Other learning opportunities include professional visits to and observations in a representative sample of school districts; various training and consultation roles with school boards, superintendents, administrators and teachers; and familiarization with significant professional organizations and individuals in education at state and national levels.
While the CSP is a full-time program of studies, class schedules are organized to allow Fellows to maintain their current full-time professional positions. A combination of traditional coursework, independent directed research, and field experiences provide rich opportunities for CSP Fellows to balance theory and practice, as well as develop higher order thinking and decision making skills.
The CSP Fellows
In tandem with the University of Texas at Austin, the CSP acknowledges that while we take pride in our well designed and executed program, and our nationally recognized faculty, true success of the CSP is measured in great part by the quality of its Fellows. The CSP seeks Fellows who possess the desire and aspiration to be among a select group of world-class educational leaders, as well as possess the incumbent capacity to successfully complete an intensive and rigorous doctoral program of study.

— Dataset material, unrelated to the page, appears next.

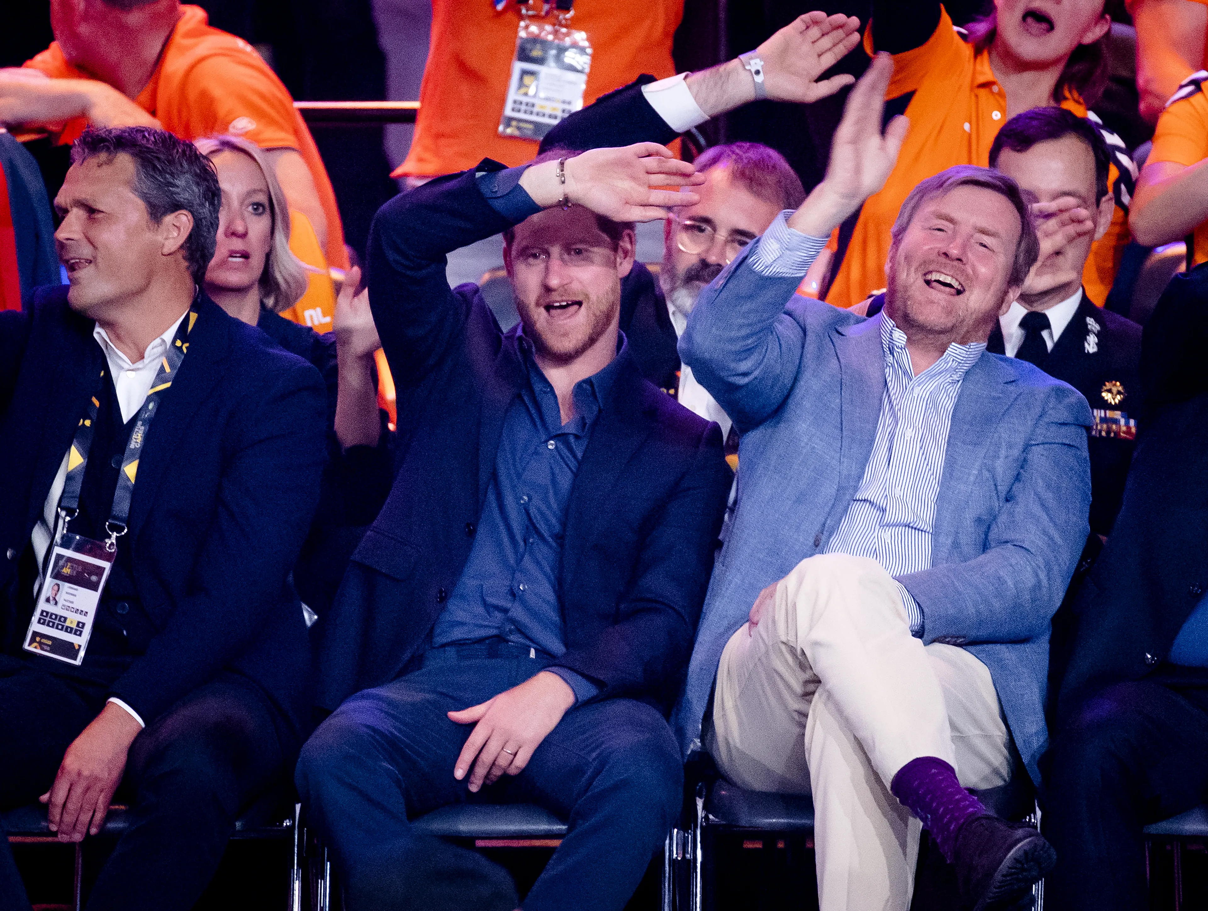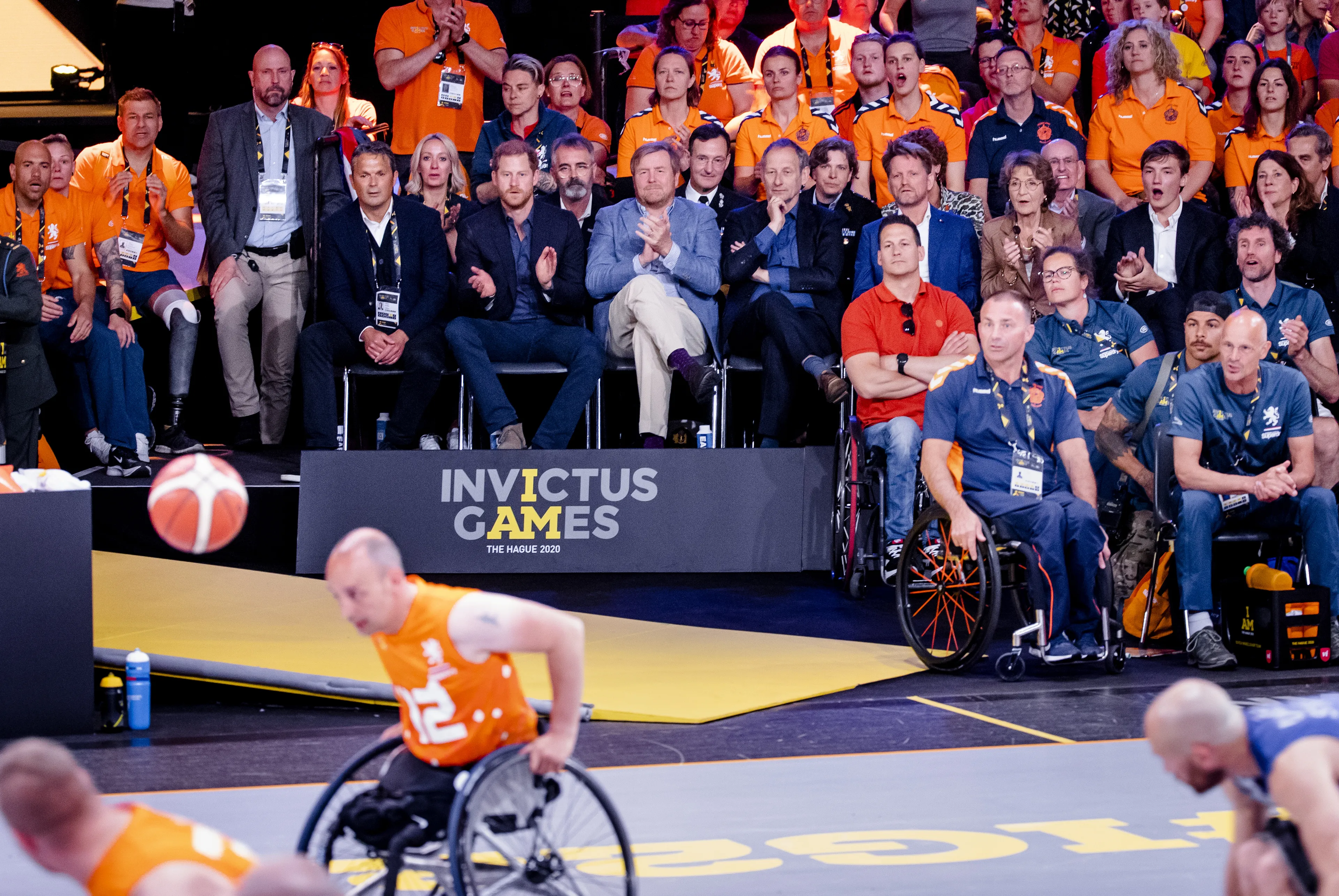 Prins Harry en koning Willem-Alexander gingen vrijdag op de laatste dag van de Invictus Games samen naar de finale van het rolstoelbasketbal. De twee babbelden wat af, maar waren ook vriendschappelijke tegenstanders: de strijd ging immers om Nederland tegen de Verenigde Staten.
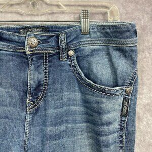 Silver Jeans Casy Boyfriend Womens W32 L31 Blue Thick Stick Embroidered READ

Program provisions rest upon assumptions that CSP candidates:
- Represent broad ranges of experiences and high levels of expertise
- Demonstrate evidence from previous positions in education of a commitment to student learning
- Demonstrate a command of the foundations of professional knowledge and skills requisite for mid-management administrators acquired from university graduate study (usually 45 hours or more) and field experience
- Possess a sheer intellectual prowess and curiosity sufficient to engage in scholarly and clinical-setting acquisition of professional knowledge and value-commitments
- Are equipped to grow professionally and rise dramatically high in leadership positions
- Exhibits a style of performance that evokes acceptance by others, including being creative, and task-oriented, and open to new ideas and change
- Possess sufficient confidence needed to invest twenty-seven months of professional and family life in the stressful and consuming endeavor
- Aspire to be a Superintendent
- Strongly desire to be a Fellow in the Cooperative Superintendency Program.
These profile components are dimensions along which candidates display their relative readiness to pursue superintending in the real world of public schools.